-- Opening Marker --

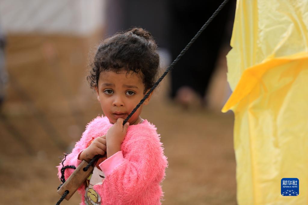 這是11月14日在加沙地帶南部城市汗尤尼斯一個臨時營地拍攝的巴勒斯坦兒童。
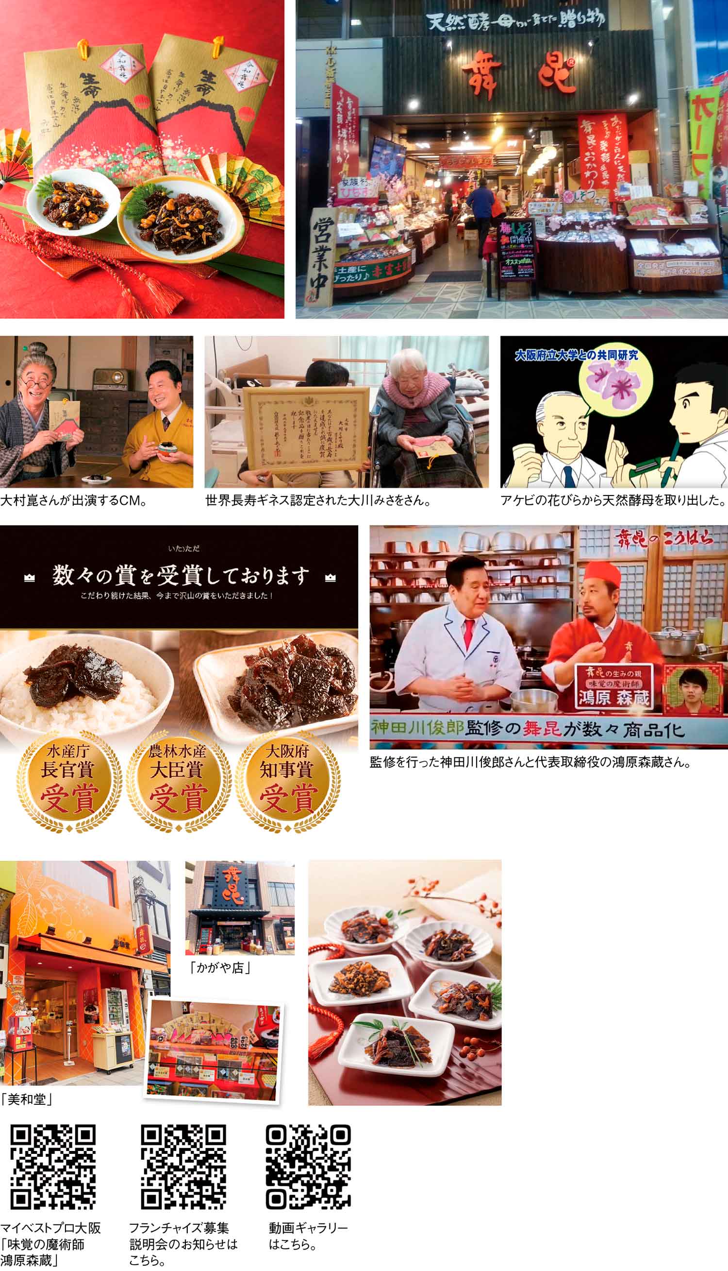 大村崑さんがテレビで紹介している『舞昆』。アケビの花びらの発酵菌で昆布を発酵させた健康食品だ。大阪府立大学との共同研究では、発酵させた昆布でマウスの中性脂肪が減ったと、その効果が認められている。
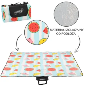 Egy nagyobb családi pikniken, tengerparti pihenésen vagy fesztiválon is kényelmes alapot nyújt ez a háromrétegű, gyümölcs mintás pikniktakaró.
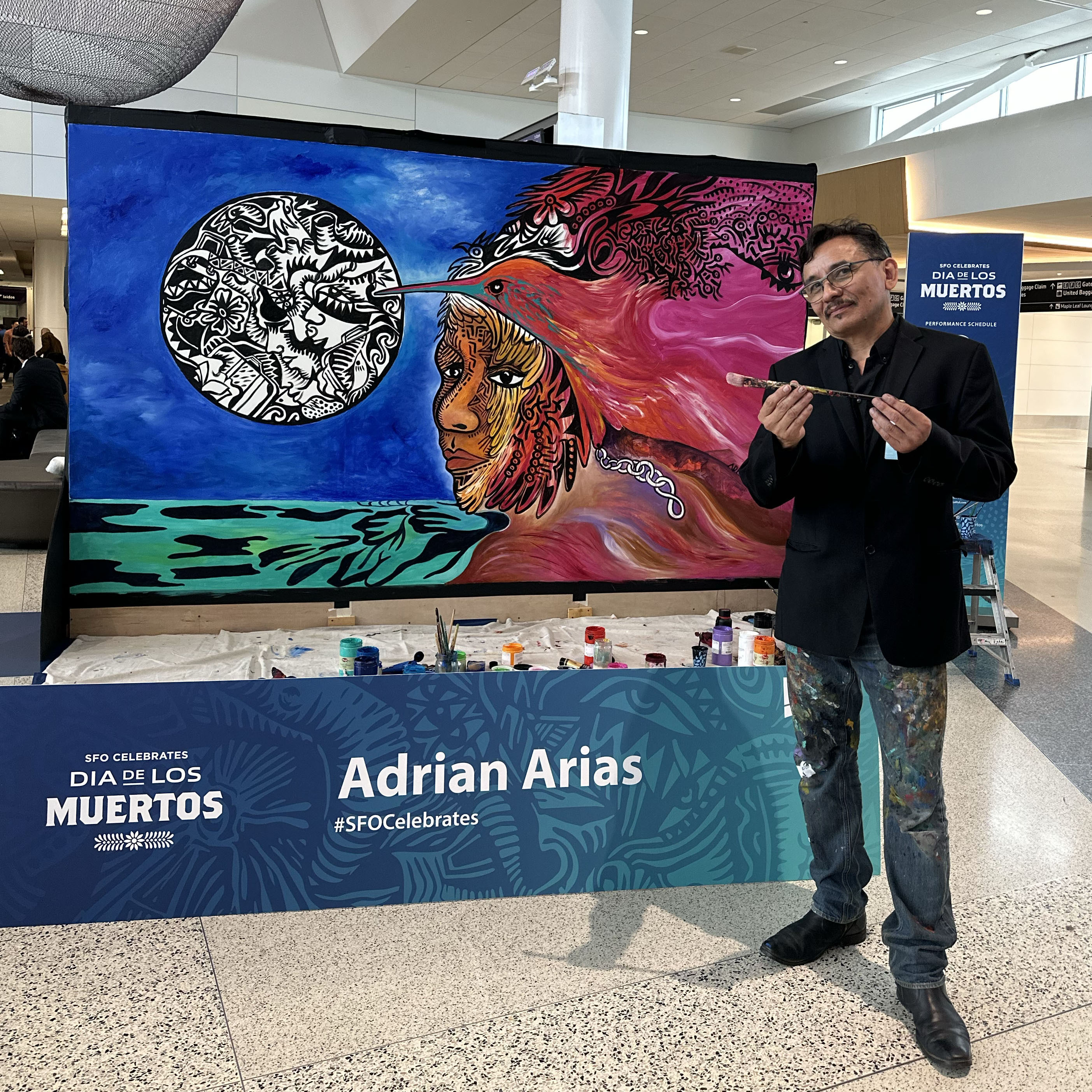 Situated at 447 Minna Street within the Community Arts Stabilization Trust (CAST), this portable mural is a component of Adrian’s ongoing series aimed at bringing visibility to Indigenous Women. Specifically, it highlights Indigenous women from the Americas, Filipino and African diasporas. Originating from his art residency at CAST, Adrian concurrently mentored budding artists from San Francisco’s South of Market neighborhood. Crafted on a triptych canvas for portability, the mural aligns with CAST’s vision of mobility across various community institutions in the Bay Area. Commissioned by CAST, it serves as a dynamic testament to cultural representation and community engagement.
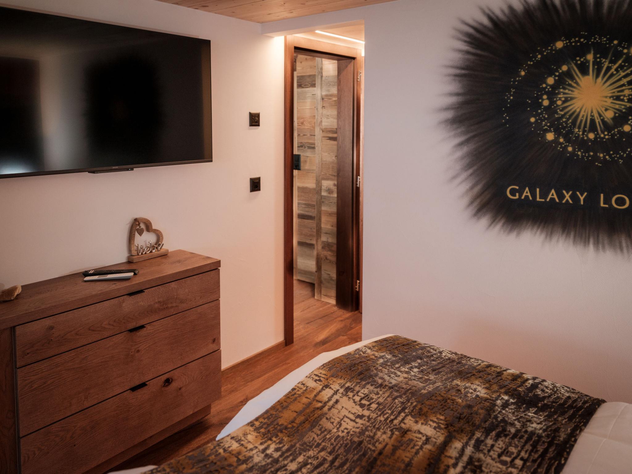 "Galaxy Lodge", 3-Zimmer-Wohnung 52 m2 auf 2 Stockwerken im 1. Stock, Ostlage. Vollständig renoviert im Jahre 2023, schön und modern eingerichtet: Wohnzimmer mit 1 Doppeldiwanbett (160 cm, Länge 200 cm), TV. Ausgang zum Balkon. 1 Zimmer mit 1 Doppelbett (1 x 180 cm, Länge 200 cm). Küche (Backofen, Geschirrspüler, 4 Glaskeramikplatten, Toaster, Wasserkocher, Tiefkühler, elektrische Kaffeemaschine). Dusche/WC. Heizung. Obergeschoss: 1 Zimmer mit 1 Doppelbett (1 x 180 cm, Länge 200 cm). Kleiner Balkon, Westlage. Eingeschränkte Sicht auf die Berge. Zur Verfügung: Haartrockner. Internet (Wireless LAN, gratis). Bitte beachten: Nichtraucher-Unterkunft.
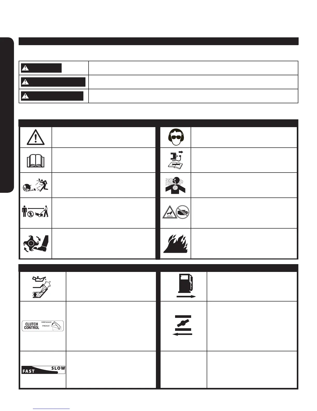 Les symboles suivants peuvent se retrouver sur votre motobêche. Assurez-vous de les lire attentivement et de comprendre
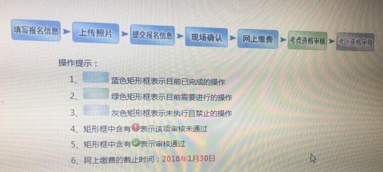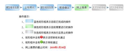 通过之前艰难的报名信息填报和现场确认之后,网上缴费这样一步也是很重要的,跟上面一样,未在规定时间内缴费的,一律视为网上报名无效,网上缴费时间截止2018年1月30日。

-- Closing Marker --

- **ACTIVITY**: When you repeat the data, keep every line exact and drop the images.

- **EXPECTED OUTPUT**:
 這是11月14日在加沙地帶南部城市汗尤尼斯一個臨時營地拍攝的巴勒斯坦兒童。
 大村崑さんがテレビで紹介している『舞昆』。アケビの花びらの発酵菌で昆布を発酵させた健康食品だ。大阪府立大学との共同研究では、発酵させた昆布でマウスの中性脂肪が減ったと、その効果が認められている。
 Egy nagyobb családi pikniken, tengerparti pihenésen vagy fesztiválon is kényelmes alapot nyújt ez a háromrétegű, gyümölcs mintás pikniktakaró.
 Situated at 447 Minna Street within the Community Arts Stabilization Trust (CAST), this portable mural is a component of Adrian’s ongoing series aimed at bringing visibility to Indigenous Women. Specifically, it highlights Indigenous women from the Americas, Filipino and African diasporas. Originating from his art residency at CAST, Adrian concurrently mentored budding artists from San Francisco’s South of Market neighborhood. Crafted on a triptych canvas for portability, the mural aligns with CAST’s vision of mobility across various community institutions in the Bay Area. Commissioned by CAST, it serves as a dynamic testament to cultural representation and community engagement.
 "Galaxy Lodge", 3-Zimmer-Wohnung 52 m2 auf 2 Stockwerken im 1. Stock, Ostlage. Vollständig renoviert im Jahre 2023, schön und modern eingerichtet: Wohnzimmer mit 1 Doppeldiwanbett (160 cm, Länge 200 cm), TV. Ausgang zum Balkon. 1 Zimmer mit 1 Doppelbett (1 x 180 cm, Länge 200 cm). Küche (Backofen, Geschirrspüler, 4 Glaskeramikplatten, Toaster, Wasserkocher, Tiefkühler, elektrische Kaffeemaschine). Dusche/WC. Heizung. Obergeschoss: 1 Zimmer mit 1 Doppelbett (1 x 180 cm, Länge 200 cm). Kleiner Balkon, Westlage. Eingeschränkte Sicht auf die Berge. Zur Verfügung: Haartrockner. Internet (Wireless LAN, gratis). Bitte beachten: Nichtraucher-Unterkunft.
 Les symboles suivants peuvent se retrouver sur votre motobêche. Assurez-vous de les lire attentivement et de comprendre
 通过之前艰难的报名信息填报和现场确认之后,网上缴费这样一步也是很重要的,跟上面一样,未在规定时间内缴费的,一律视为网上报名无效,网上缴费时间截止2018年1月30日。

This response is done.